Two factors predict survival in AML

Blood

30 Jun 2017

Time to relapse after an allogeneic stem cell transplant and the extent of graft versus host disease (GVHD) are the two key factors predicting outcome in patients with relapsed acute myeloid leukaemia (AML).

A retrospective study of 386 patients from around Australia found relapse within six months of transplant and grade 3-4 acute GVHD preceding relapse were associated with inferior overall survival (Hazard ratio 2.4 and 2.0 respectively).

Haematologist Dr Andrew Lim, from the Austin Hospital, told the limbic the findings were consistent with the international experience in patients with AML.

“While survival is 15-20% at two years, we’ve all had survivors,” he said. “The dilemma in patients who are often young is: when is it worth pushing for another procedure with all the attendant risks and costs?”

Dr Lim said mild oral and skin manifestations of GVHD were a sign the graft was working and associated with longer survival.

“Having a bit of GVHD that we can see, but they can’t feel, provides the best outcome.”

However chronic GVHD and other potential factors such as primary induction failure, bone marrow blast percentage and extramedullary relapse were not significant on multivariate analysis.

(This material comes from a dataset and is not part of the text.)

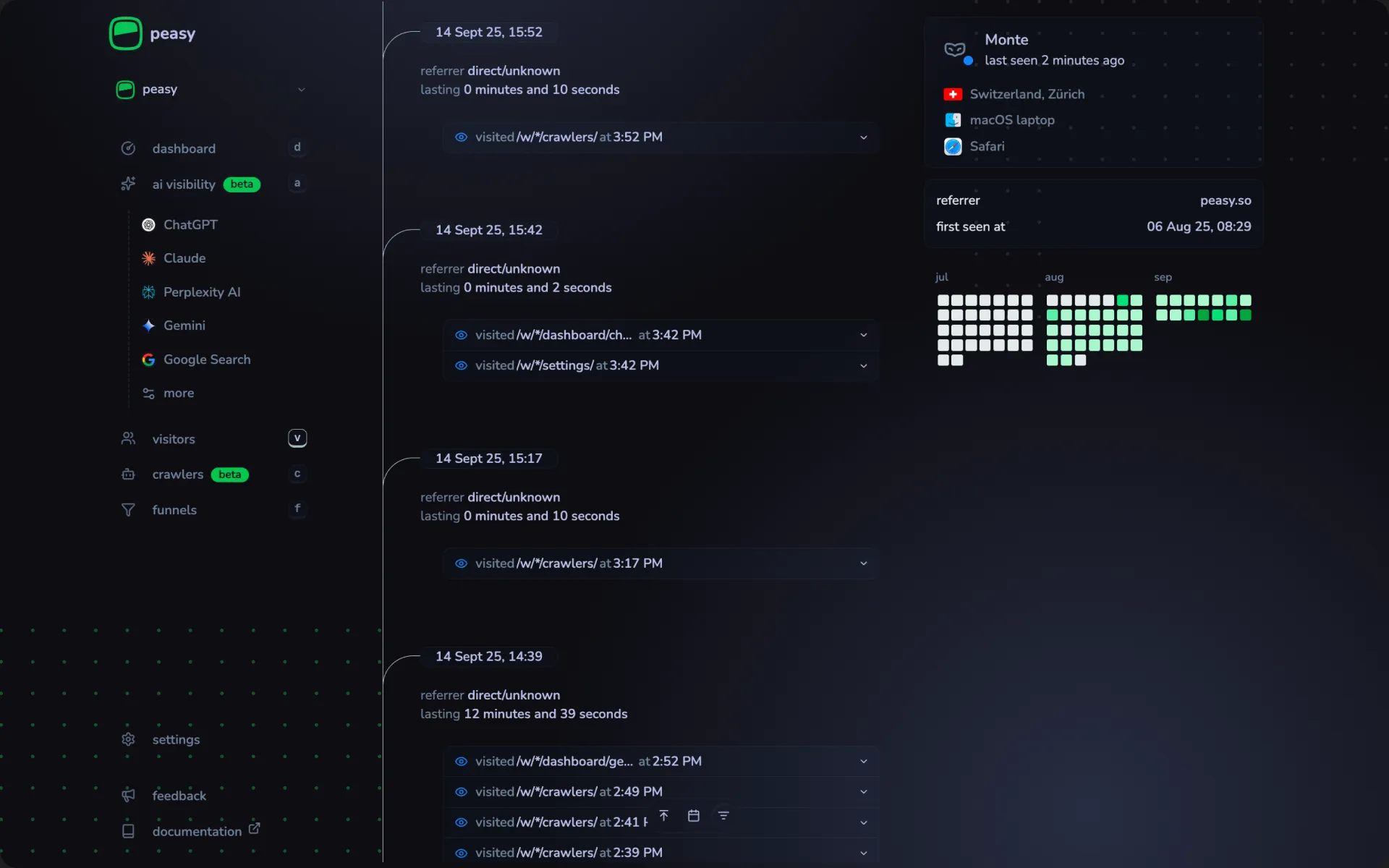 Add Peasy to your site in minutes and start seeing live traffic data in a clean dashboard built for speed and clarity.

The study found 60% of patients received salvage therapy – chemotherapy, re-transplantation or donor lymphocyte infusion. As a group, the five-year survival was about 14%.

Those patients who didn’t receive salvage therapy had a significantly worse five-year overall survival of 2%.

Patients who had a form of donor cell therapy also did better than those who received chemotherapy (five-year overall survival from salvage 23% v 5%).

When restricted to patients without the adverse prognostic features of early relapse or severe GVHD, those who had donor cell therapy had five-year overall survival from salvage of 32% compared to 9% in patients who received chemotherapy.

Information on immunosuppression withdrawal, which can help induce remission, was unfortunately not available.